Exercise prompt → Write again exactly the lines in the listing below, starting at the line with "Bottega Veneta sunglasses" and ending at the line with "These socks are", both included. Pictures are not copied.

Records provided →
====
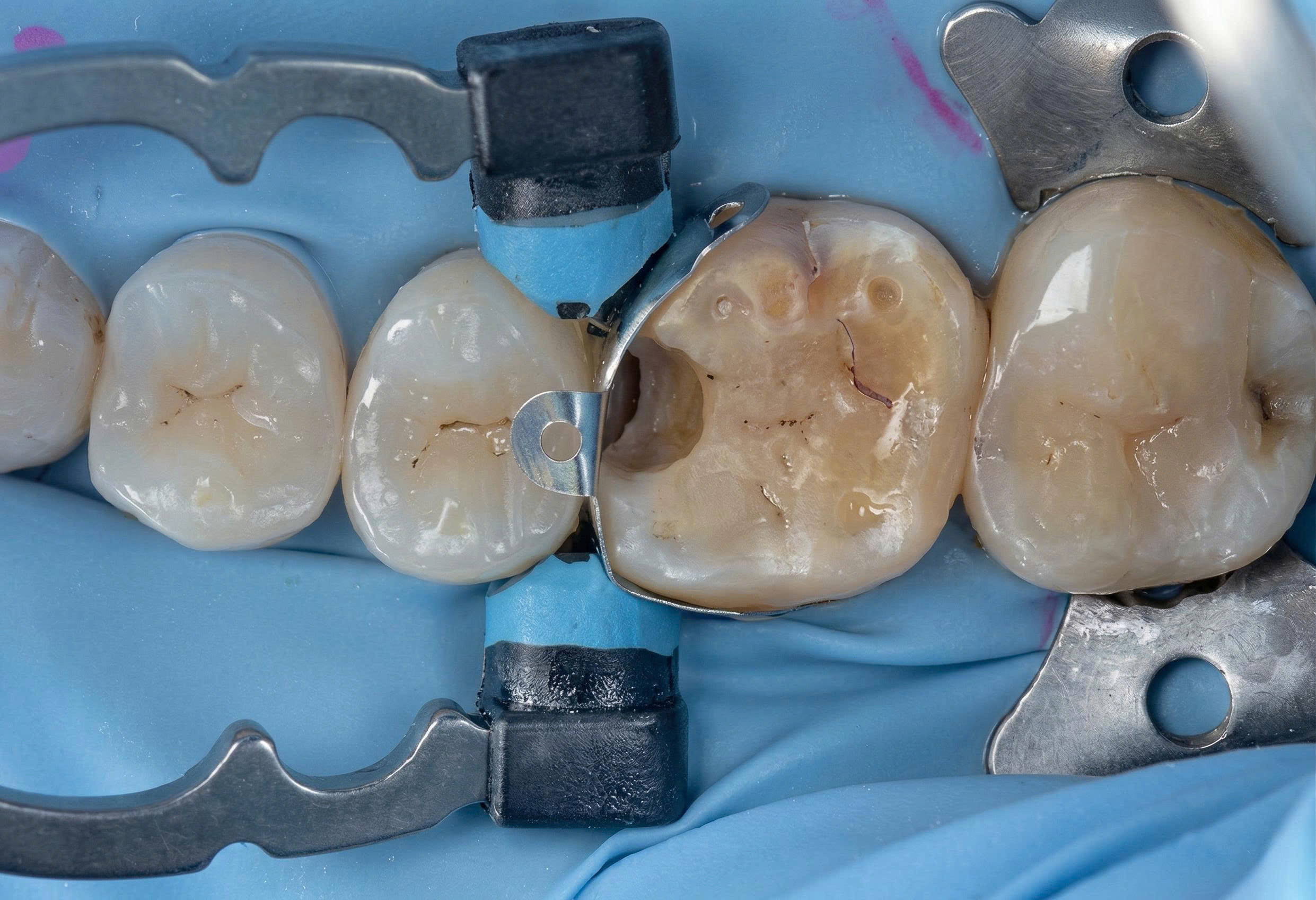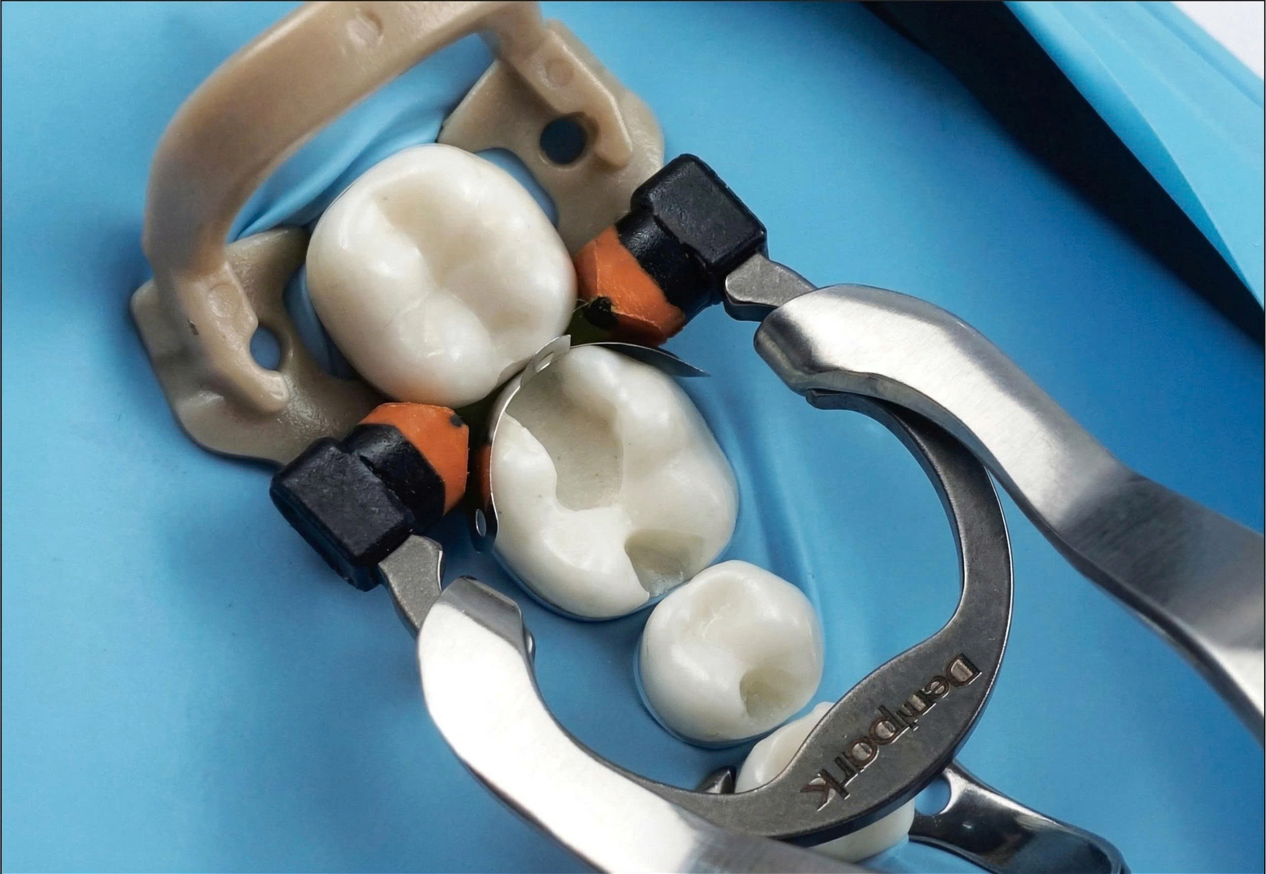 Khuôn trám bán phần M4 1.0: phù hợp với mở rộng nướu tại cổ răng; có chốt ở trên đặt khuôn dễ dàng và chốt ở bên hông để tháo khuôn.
====
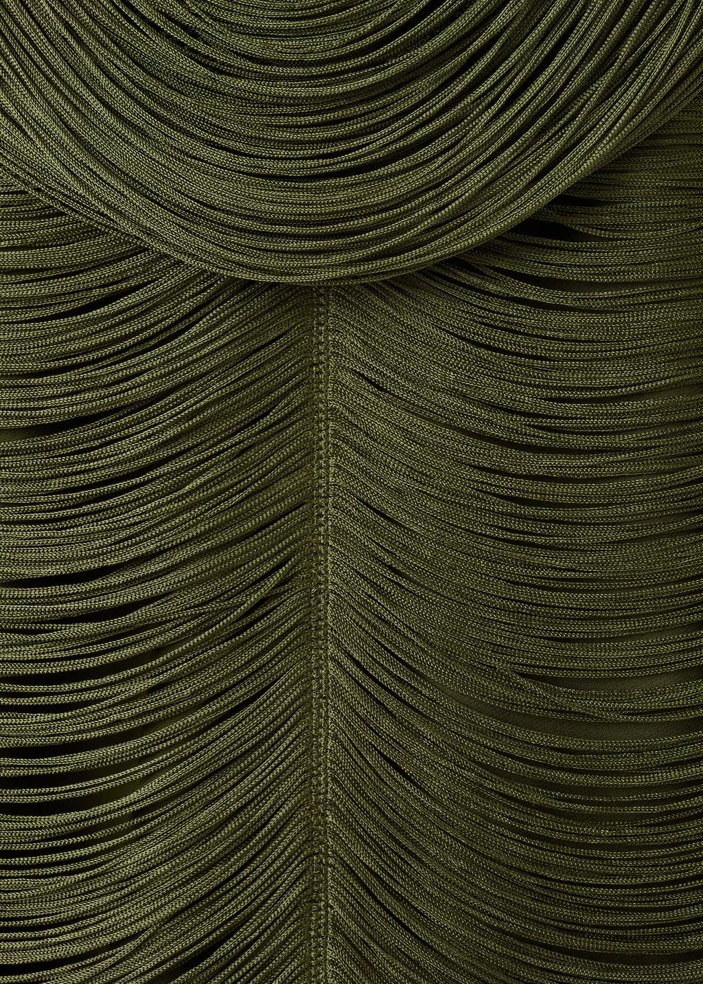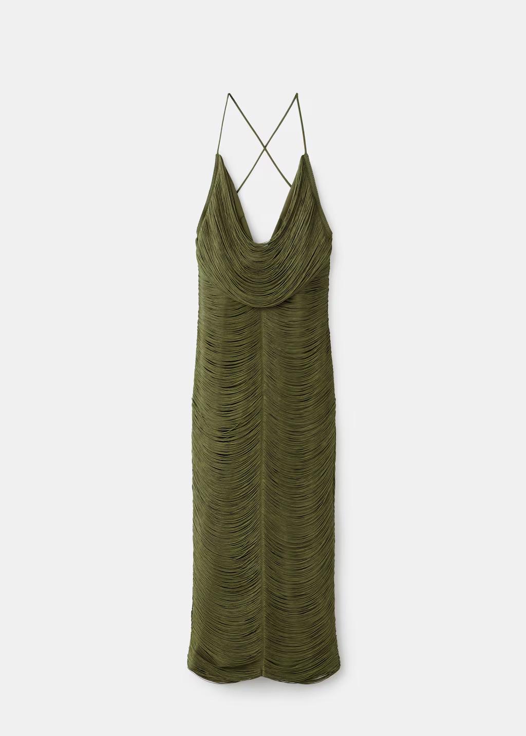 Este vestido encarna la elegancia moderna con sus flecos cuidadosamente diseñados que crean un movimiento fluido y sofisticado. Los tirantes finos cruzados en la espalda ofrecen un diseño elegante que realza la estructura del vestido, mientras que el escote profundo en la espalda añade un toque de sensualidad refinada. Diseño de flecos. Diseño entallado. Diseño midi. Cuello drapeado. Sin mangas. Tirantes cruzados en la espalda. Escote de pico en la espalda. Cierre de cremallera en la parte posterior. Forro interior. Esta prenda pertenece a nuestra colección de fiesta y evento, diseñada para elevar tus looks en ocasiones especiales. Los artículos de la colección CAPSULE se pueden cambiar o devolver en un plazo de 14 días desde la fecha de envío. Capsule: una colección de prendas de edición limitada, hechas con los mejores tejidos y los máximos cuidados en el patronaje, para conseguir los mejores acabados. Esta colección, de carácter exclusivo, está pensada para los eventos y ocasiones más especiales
====
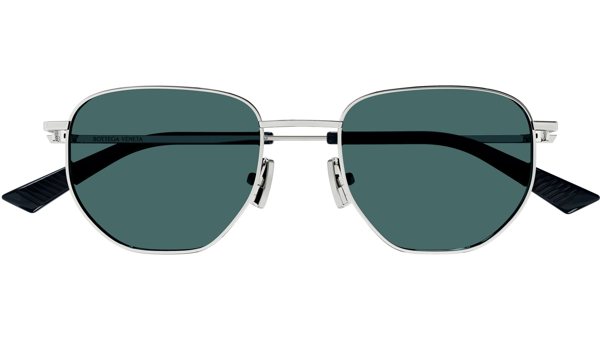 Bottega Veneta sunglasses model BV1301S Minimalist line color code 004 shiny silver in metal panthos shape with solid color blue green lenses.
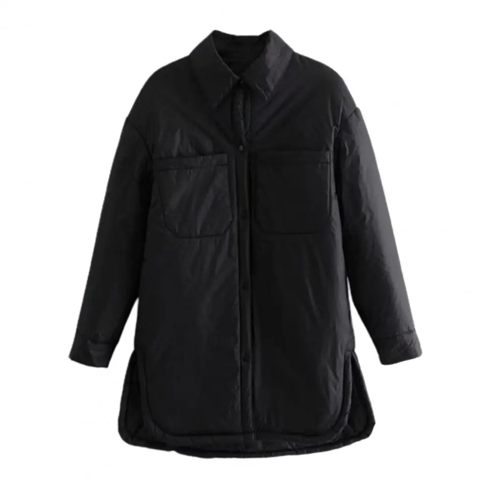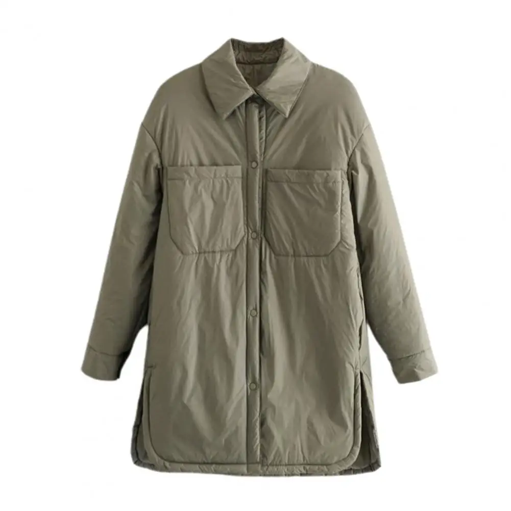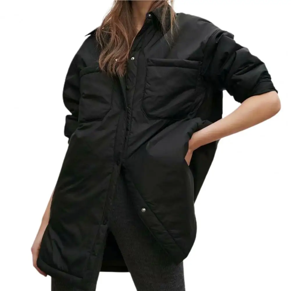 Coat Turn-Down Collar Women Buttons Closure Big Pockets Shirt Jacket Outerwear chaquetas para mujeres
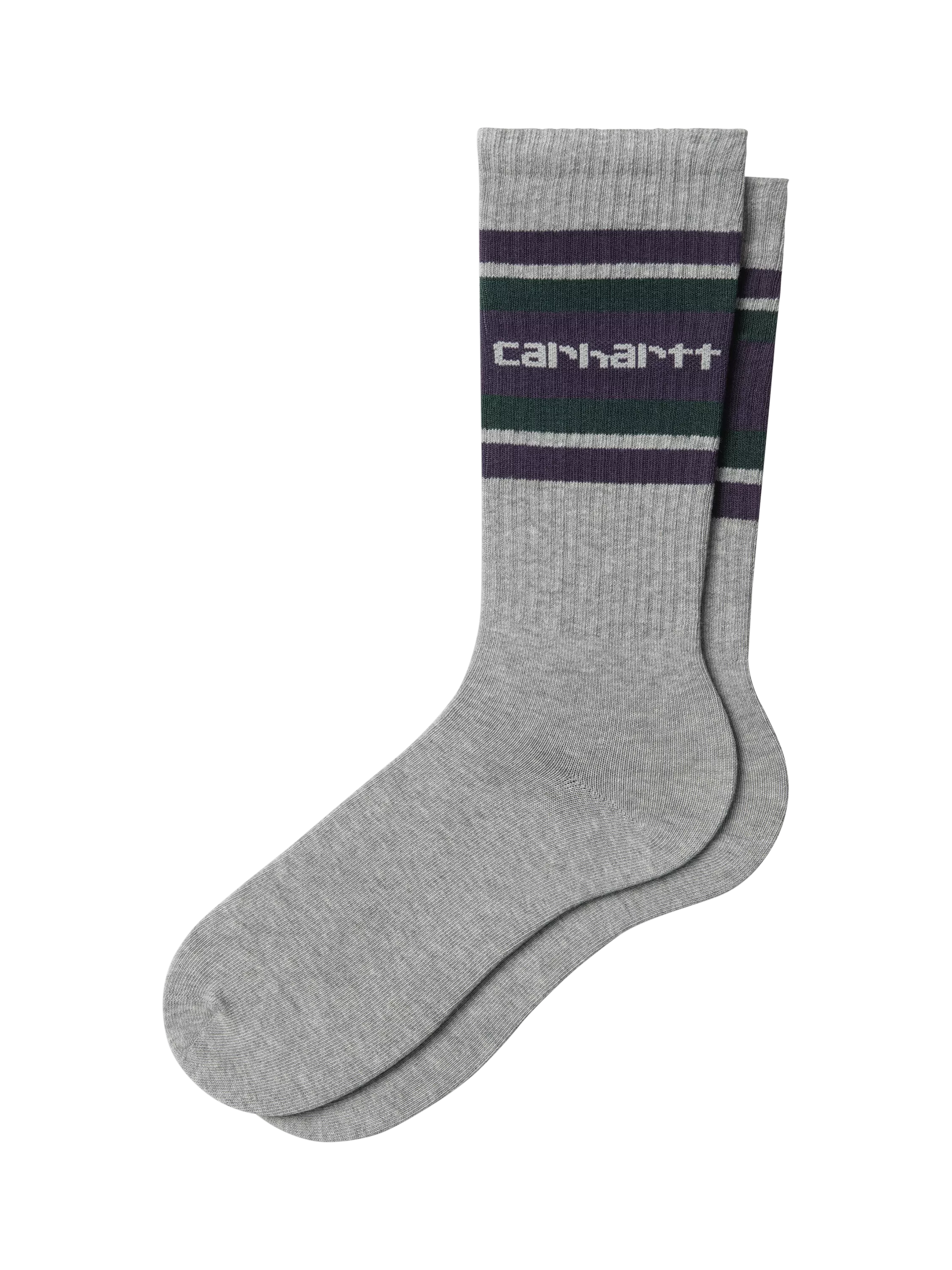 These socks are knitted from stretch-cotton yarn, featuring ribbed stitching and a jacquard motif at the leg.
====
Result →
 Bottega Veneta sunglasses model BV1301S Minimalist line color code 004 shiny silver in metal panthos shape with solid color blue green lenses.
 Coat Turn-Down Collar Women Buttons Closure Big Pockets Shirt Jacket Outerwear chaquetas para mujeres
 These socks are knitted from stretch-cotton yarn, featuring ribbed stitching and a jacquard motif at the leg.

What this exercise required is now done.